__WORK TO COMPLETE__. Only a verbatim restatement of the lines from the one with "ส่งฟรี/มีไลฟ์ (1ชิ้น)Browit By" through the end of the listing below is wanted. Pictures should be left out.

· · · ·

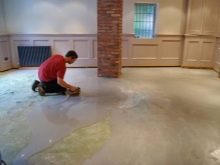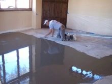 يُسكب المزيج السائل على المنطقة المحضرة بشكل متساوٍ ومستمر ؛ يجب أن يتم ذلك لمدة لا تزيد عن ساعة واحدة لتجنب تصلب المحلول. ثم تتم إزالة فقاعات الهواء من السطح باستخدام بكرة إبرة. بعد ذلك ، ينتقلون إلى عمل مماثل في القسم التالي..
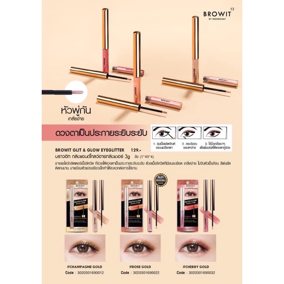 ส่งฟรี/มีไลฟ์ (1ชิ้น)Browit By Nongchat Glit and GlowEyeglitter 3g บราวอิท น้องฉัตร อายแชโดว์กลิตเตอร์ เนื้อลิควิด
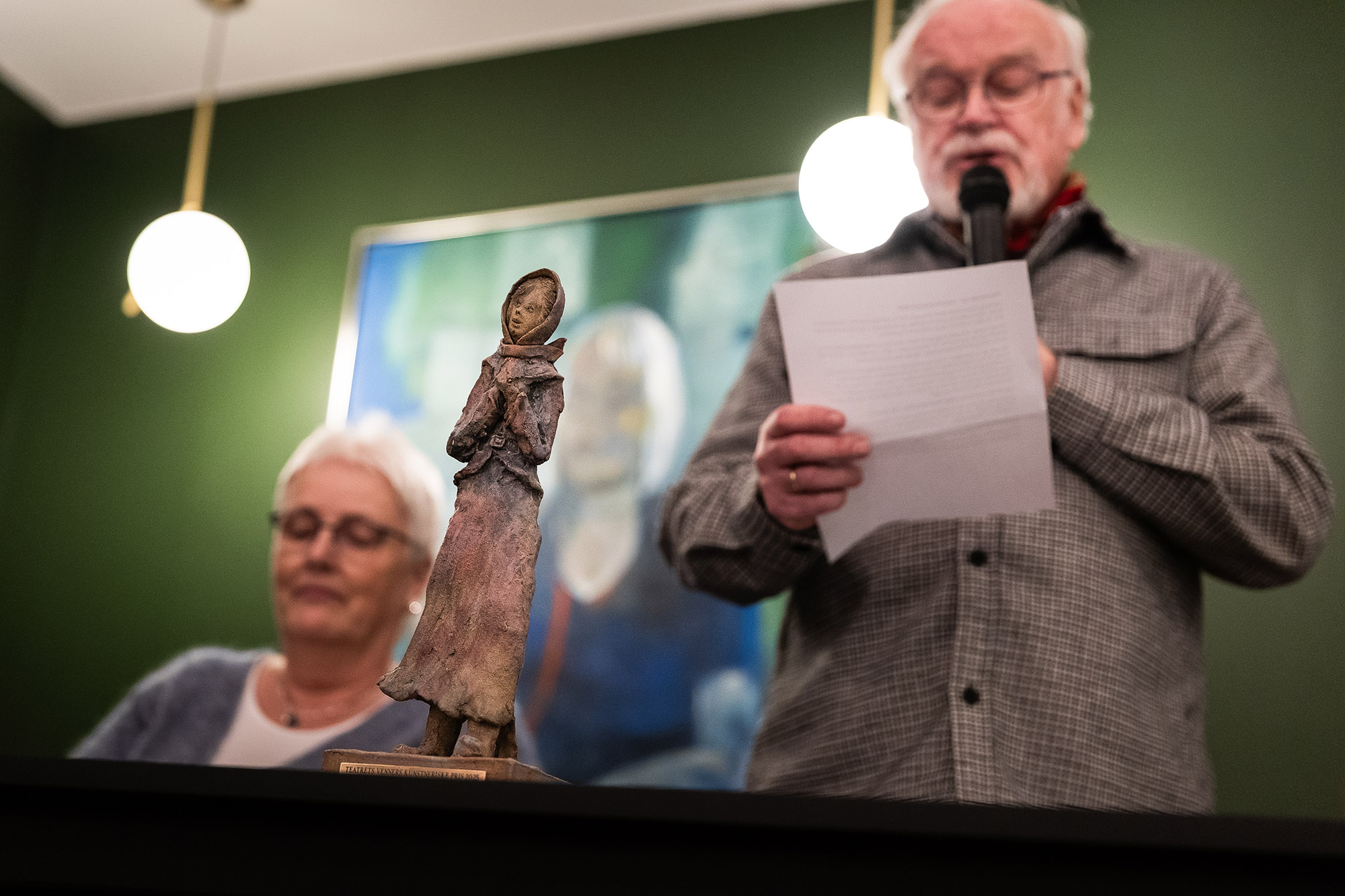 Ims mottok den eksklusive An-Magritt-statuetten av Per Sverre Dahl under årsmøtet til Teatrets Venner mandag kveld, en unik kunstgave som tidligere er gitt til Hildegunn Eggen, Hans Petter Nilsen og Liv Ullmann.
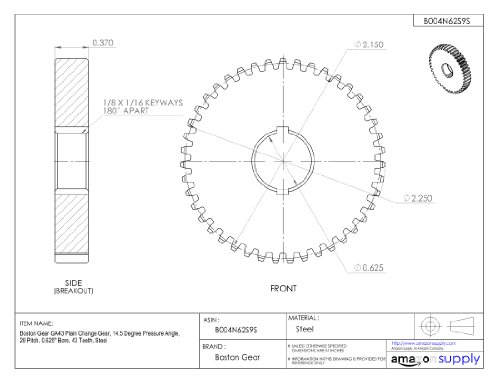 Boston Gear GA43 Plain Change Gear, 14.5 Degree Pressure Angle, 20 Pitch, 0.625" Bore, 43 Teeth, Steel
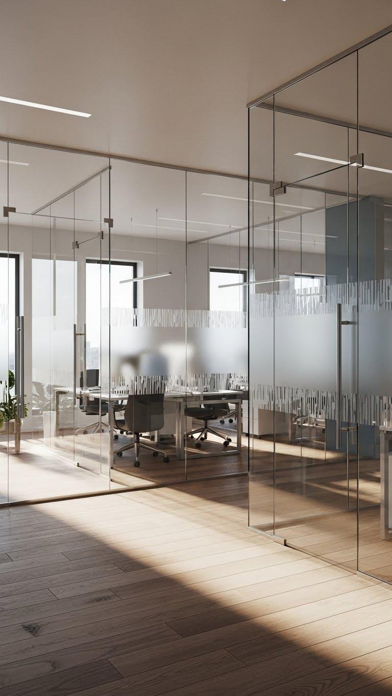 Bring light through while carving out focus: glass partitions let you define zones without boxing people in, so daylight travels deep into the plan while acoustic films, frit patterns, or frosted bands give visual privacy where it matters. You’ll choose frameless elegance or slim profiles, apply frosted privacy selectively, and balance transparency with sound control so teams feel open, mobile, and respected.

· · · ·

__RESULT OF THE TASK__.
 ส่งฟรี/มีไลฟ์ (1ชิ้น)Browit By Nongchat Glit and GlowEyeglitter 3g บราวอิท น้องฉัตร อายแชโดว์กลิตเตอร์ เนื้อลิควิด
 Ims mottok den eksklusive An-Magritt-statuetten av Per Sverre Dahl under årsmøtet til Teatrets Venner mandag kveld, en unik kunstgave som tidligere er gitt til Hildegunn Eggen, Hans Petter Nilsen og Liv Ullmann.
 Boston Gear GA43 Plain Change Gear, 14.5 Degree Pressure Angle, 20 Pitch, 0.625" Bore, 43 Teeth, Steel
 Bring light through while carving out focus: glass partitions let you define zones without boxing people in, so daylight travels deep into the plan while acoustic films, frit patterns, or frosted bands give visual privacy where it matters. You’ll choose frameless elegance or slim profiles, apply frosted privacy selectively, and balance transparency with sound control so teams feel open, mobile, and respected.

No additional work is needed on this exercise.